Service Insights doesn't show any messages that were discarded due to custom recoverability policy

seankearney · January 20, 2023, 10:33pm

Service Insights (SI) is part of the Particular platform designed to provide a

Complete under-the-hood visualization of a system’s behaviour

Unfortunately, we’ve run into a situation when the tool fails to deliver visibility, creating a needle in a haystack situation when trying to troubleshoot what has happened. Here’s a scenario to provide the context.

There are two endpoints. Sync and Transcoder. The Sync endpoint is responsible for raising an event to let the Transcoder endpoint perform a media file processing. Transcoder kicks in when Sync raises an event about a file that’s been handled. The issue is that some files cannot be transcoded at all. As a result, some files will fail (DRM problems, incorrect file types with a wrong extension, etc.). In that case, Transcoder throws an unrecoverable exception to avoid unnecessary retries.

A custom recoverability policy is defined for the Transcoder endpoint that instructs to discard erred messages caused by unrecoverable exceptions. There’s no point in sending those messages to the error queue - they cannot be processed no matter what. So NSB framework does the right thing. An event raised by Sync failed processing in Transcoder, and the message is discarded due to the exception being unrecoverable and the policy instructing to discard the failed message. Except the real world poses a challenge. SI, when used to understand what happened, is absolutely blind and clueless to what took place. From SC’s perspective, it never saw the event from Sync to Transcoder because it never hit the audit or the error queue. But, as a prod-ops, you’d really want to know that information. And if it feels like there’s a gap that needs to be filled to allow troubleshooting in production, see a message that was published, received, attempted for processing, failed as unrecoverable, and eventually discarded.

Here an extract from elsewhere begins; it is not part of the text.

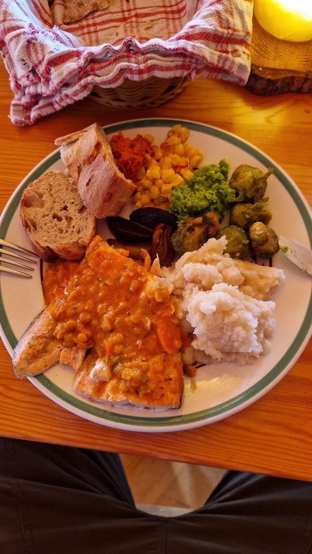 Die allgemein tolle Atmosphäre, das leckere Essen und die netten Gespräche am Tisch lassen die Preise jedoch vergessen. Ich sitze mit einem jüngeren Mann Mitte Ende 30 zusammen und wir erzählen uns von unseren Reisen. Er ist in Ljungdalen gestartet und hat sich schon am ersten Tag den Arm verletzt. Sein Handgelenk ist angeschwollen wie ein Apfel. Da es aber seine letzten Tage vom Vaterschaftsurlaub sind, hat er sich nicht beirren lassen, und ist trotzdem weiter gezogen.

It would be great to see SI providing the necessary visibility.

Example:

DavidBoike · January 23, 2023, 3:06pm

Hi @seankearney,

That’s an interesting use case for sure. I’m curious, rather than using an UnrecoverableException in the message handler and then dealing with the fallout in the custom recoverability policy, why not catch the exception in the handler, and then log and return from the message handler so that the message can just be consumed naturally and then audited?

The reason why I ask is that it seems as if you’re using the custom recoverability policy to do part of your business logic rather than handle infrastructural tasks alone.

seankearney · January 24, 2023, 12:17am

David,
Thanks for the reply.

After some conversations internally, as well as with Particular support, we have decided to go down ~~this~~ a similar route.

Thanks,
Sean

seankearney · January 24, 2023, 7:30pm

The documentation changes in Clearer xmldoc on RecoverabilityActions by DavidBoike · Pull Request #6674 · Particular/NServiceBus · GitHub are certainly helpful to future folks. Thanks.